If GIL does not exercise or delays exercising a right whether under the terms and conditions under this Document and the Application Form or otherwise, this does not mean that it has given up or waived the right or that it cannot exercise the right later. No failure to exercise or enforce and no delay in exercising or enforcing on the part of GIL of any right, power or privilege shall operate as a waiver thereof, nor shall it in any way prejudice or affect the right of GIL afterwards to act strictly in accordance with the powers conferred on GIL under the terms and conditions under this Document and the Application Form, nor shall any single or partial exercise of any right, power or privilege of GIL preclude any other or further exercise thereof or the exercise of any other right, power or privilege of GIL. Further, unless otherwise expressly agreed in writing by GIL, no waiver of any provision in this Document, rules and regulations applicable to any exchange or clearing house, or otherwise imposed by GIL relating to all or any Transaction, Primary Service or Account may be implied from any conduct or course of dealing between the Customer and GIL. The only way GIL can waive any of its rights is by way of written notice to the Customer as duly signed by the manager of GIL or his supervisor.

21. Variations

The Customer agrees, acknowledges and accepts that GIL may amend, vary or supplement any terms or conditions hereunder of this Document and/or the Application Form or any additional or specific terms or conditions relating to any Account, Primary Service or Transaction by notice to the Customer by any means GIL deems fit, including notification via the web site and/or Company APP, and any such amendment, variation or supplement shall take effect as from the date of such notice or the date specified in such notice (as the case may be). If the Customer continues to give Instructions in respect of or operate any Account, makes use of any of the Primary Services or to effect any Transaction after receiving such notice, the Customer shall be deemed to have agreed to any such amendments, variations or supplements without reservation.

22. Continuity of Terms

This Document shall be binding on GIL and the Customer and their respective successors in title and assigns, and shall continue to be binding on the Customer notwithstanding any change in the name or constitution of GIL, any change in the ownership structure of GIL, or the consolidation, amalgamation or merger of GIL into or with any other entity.

23. Severability

If any provision of this Document is or becomes illegal, invalid or unenforceable, the same shall not affect the legality, validity or enforceability of any other provision of this Document nor the legality, validity or enforceability of such provisions under the law of any other jurisdiction.

24. Rights and Remedies

All of GIL’s rights and remedies under this Document are cumulative of, in addition to, and not exclusive or in derogation of, any other rights or remedies provided or available to GIL hereunder, by law, in equity or by any other agreement.

25. Illegality

If any event occurs (including the introduction, implementation, operation or taking effect of, any Applicable Laws, or any change in Applicable Laws or in their interpretation or application by any governmental authority or agent) which makes or declares it unlawful or impracticable for either GIL or the Customer to exercise its rights or perform its obligations under this Document, GIL shall in good faith determine if this Document may be amended or the trading arrangements restructured in a manner which is lawful. If GIL determines in good faith that this is not reasonably practicable, GIL may terminate any Account(s) or any Primary Service accordingly.

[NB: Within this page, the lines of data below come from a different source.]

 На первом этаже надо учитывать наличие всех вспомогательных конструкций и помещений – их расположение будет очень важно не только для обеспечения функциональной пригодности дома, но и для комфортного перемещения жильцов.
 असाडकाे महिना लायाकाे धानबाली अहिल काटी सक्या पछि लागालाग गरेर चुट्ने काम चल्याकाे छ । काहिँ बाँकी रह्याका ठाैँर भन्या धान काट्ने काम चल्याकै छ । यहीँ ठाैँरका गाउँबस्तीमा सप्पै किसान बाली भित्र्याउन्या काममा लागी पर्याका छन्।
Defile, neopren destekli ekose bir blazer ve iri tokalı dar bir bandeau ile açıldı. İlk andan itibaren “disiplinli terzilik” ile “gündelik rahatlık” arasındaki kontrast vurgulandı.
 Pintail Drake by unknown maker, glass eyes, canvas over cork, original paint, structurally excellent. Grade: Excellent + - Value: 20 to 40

26. Governing Law and Jurisdiction

This Document shall be governed by and construed in accordance with Republic of BVI law. In relation to any legal action or proceedings arising out of or in connection with any Account (including Transactions effected for the Account) or referable to any Primary Service, the Customer hereby submits to the non-exclusive jurisdiction of the courts of the Republic of BVI and the Customer waives any objection to the proceedings on the ground that the proceedings have been brought in an inconvenient forum. Nothing in this Document restricts the right of GIL to submit dispute to any other court of competent jurisdiction and the Customer agrees to submit to the jurisdiction of such other court, whether concurrently or not. The Customer hereby nominates and appoints his trading representative, financial adviser or fund manager as the case may be to be his agent for service of process of any documents commencing and otherwise relating to any such legal action or proceedings brought by GIL.

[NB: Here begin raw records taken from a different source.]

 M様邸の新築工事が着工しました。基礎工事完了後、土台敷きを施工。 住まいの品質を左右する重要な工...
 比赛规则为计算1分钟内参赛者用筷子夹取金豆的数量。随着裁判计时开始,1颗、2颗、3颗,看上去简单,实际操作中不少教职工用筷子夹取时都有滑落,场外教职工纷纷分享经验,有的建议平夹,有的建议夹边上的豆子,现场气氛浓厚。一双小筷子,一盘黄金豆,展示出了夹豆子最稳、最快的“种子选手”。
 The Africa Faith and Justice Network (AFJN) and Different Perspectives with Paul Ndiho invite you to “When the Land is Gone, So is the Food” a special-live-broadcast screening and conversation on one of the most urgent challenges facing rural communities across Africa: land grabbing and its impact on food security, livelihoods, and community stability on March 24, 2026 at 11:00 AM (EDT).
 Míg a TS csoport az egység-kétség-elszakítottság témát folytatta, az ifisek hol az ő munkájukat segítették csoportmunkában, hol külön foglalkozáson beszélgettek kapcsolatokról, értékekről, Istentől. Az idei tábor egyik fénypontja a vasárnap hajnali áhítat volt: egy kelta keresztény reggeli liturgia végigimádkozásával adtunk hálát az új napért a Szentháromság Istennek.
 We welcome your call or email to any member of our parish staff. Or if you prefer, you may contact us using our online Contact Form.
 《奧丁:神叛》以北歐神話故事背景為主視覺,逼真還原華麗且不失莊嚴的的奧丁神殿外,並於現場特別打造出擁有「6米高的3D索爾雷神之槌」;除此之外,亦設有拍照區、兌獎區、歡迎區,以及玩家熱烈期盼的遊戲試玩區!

27. Compliance with Applicable Laws

The Customer’s relationship with GIL hereunder, the opening, maintaining and operation of all Accounts, the provision of all Primary Services, the implementation and execution of all Instructions, and the entry into and settlement of all Transactions, shall be subject at all times to Applicable Laws. Notwithstanding anything herein to the contrary, GIL may take or refrain from taking any action whatsoever and the Customer shall do all things required by GIL (including the giving by the Customer of its full co-operation with any market, exchange or clearing house), in order for GIL to secure, procure or ensure for GIL’s benefit all compliance with Applicable Laws or any order of court/authority and GIL shall have no responsibility or liability whatsoever to the Customer. Further, the Customer shall ensure that all necessary authorisations, licences, approvals and consents of any governmental or other regulatory body or authority applicable to each Transaction are obtained and that the terms thereof and of all Applicable Laws are complied with. GIL may require the Customer to supply, and the Customer shall supply such evidence of compliance with as GIL may require. Notwithstanding the foregoing, the absence or lack of any such authorisation, licence, approval or consent shall not be a bar to any action or proceedings for recovery of payment or delivery by GIL against the Customer in respect of any Account, Primary Service or Transaction. The Customer agrees that GIL shall not be required to inform or obtain prior consent from the Customer to comply with any order or directive of any court or any applicable regulatory authority issued on or in respect of the Customer’s Account. The Customer further agrees that GIL shall not be required to inform the Customer after having complied with such order or directive, and GIL shall not be responsible for any loss whatsoever to the Customer’s Account arising from GIL’s compliance with such order or directive.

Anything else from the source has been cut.